___ RAW DATA ___

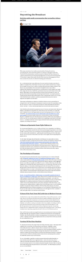 Boycotting the Media, Resisting subtle media programming that normalizes violence and hate, Parlor Magazine, October 2025
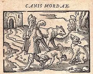 The Mischievous Dog is one of Aesop's Fables, of which there is a Greek version by Babrius and a Latin version by Avianus. It is numbered 332 in the Perry Index.[1] The story concerns a dog that bites the legs of others. Its master therefore ties a bell around its neck to warn people. The dog, thinking the bell is a reward, shows it off in the streets until an older dog reminds him that the bell is not a reward but a sign of disgrace. Victorian editors of the fables supplied the moral that 'notoriety is often mistaken for fame'.[2]
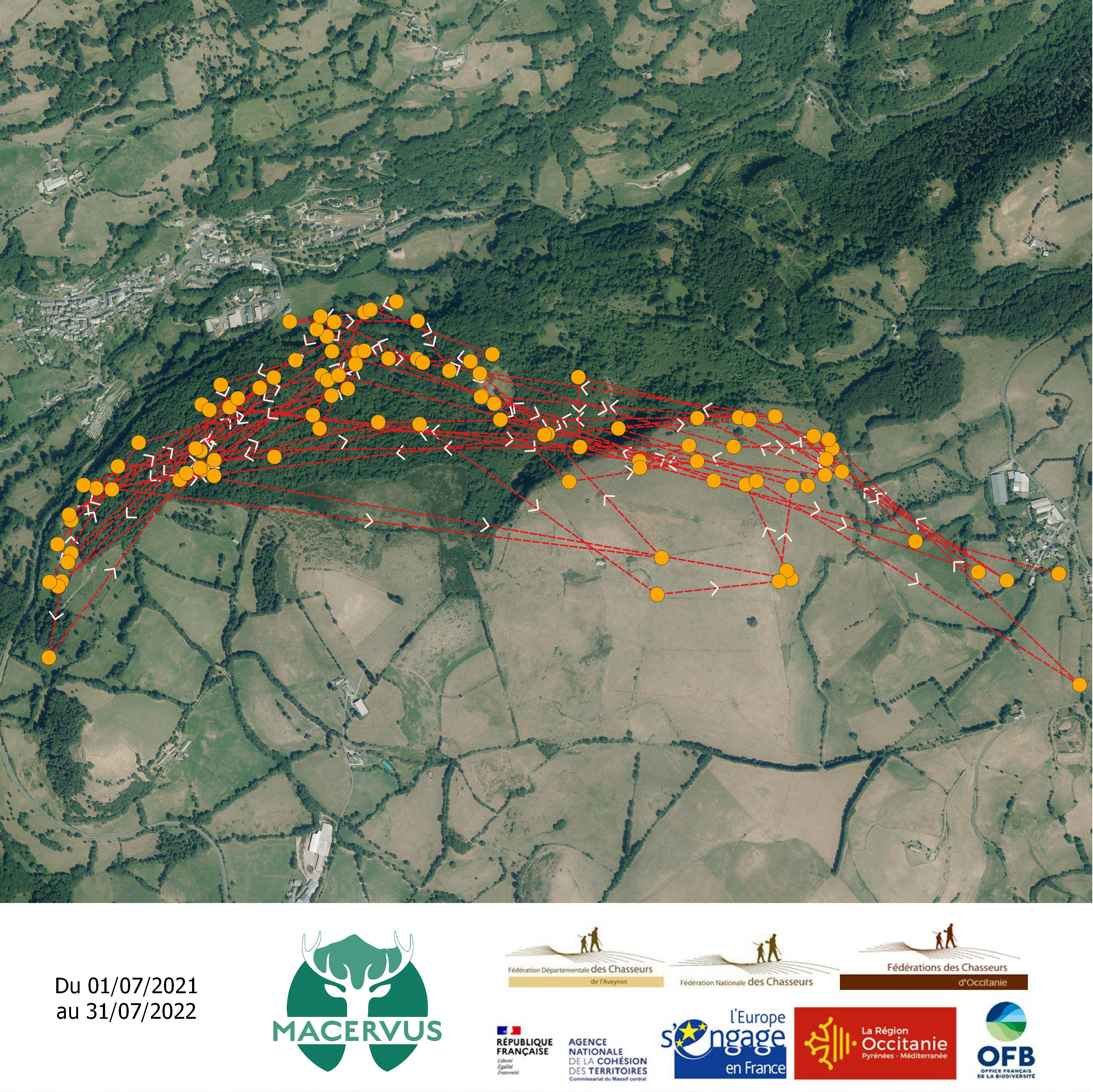 Elle a tout de même fait quelques incursions sur le plateau. Elle va toujours sur les Enfrux, mais avec une fréquence nettement moindre, les Crémailles ont eu sa préférence. Fait nouveau, une nuit elle a poussé jusqu’au Mas Nouvel. La chaleur n’a pas ralenti ses déplacements, elle ne les a pas augmentés non plus. On reste sur une moyenne mensuelle de 1500 m par jour.
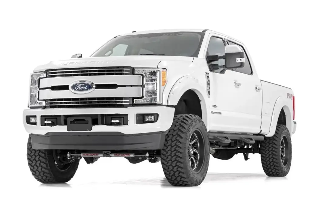 Give your fourth-generation Ford Super Duty superior lift height with Rough Country's 4.5-inch Coilover Suspension Lift Kit! This all-inclusive kit comes with everything you need for a total transformation of your truck. Run up to 35in tires while preserving the smooth, factory ride quality with this impressive upgrade.

___

TASK
Copy exactly the lines from the line holding "The Mischievous Dog" to the final line of the listing, and leave the pictures out.

RESULT BELOW
 The Mischievous Dog is one of Aesop's Fables, of which there is a Greek version by Babrius and a Latin version by Avianus. It is numbered 332 in the Perry Index.[1] The story concerns a dog that bites the legs of others. Its master therefore ties a bell around its neck to warn people. The dog, thinking the bell is a reward, shows it off in the streets until an older dog reminds him that the bell is not a reward but a sign of disgrace. Victorian editors of the fables supplied the moral that 'notoriety is often mistaken for fame'.[2]
 Elle a tout de même fait quelques incursions sur le plateau. Elle va toujours sur les Enfrux, mais avec une fréquence nettement moindre, les Crémailles ont eu sa préférence. Fait nouveau, une nuit elle a poussé jusqu’au Mas Nouvel. La chaleur n’a pas ralenti ses déplacements, elle ne les a pas augmentés non plus. On reste sur une moyenne mensuelle de 1500 m par jour.
 Give your fourth-generation Ford Super Duty superior lift height with Rough Country's 4.5-inch Coilover Suspension Lift Kit! This all-inclusive kit comes with everything you need for a total transformation of your truck. Run up to 35in tires while preserving the smooth, factory ride quality with this impressive upgrade.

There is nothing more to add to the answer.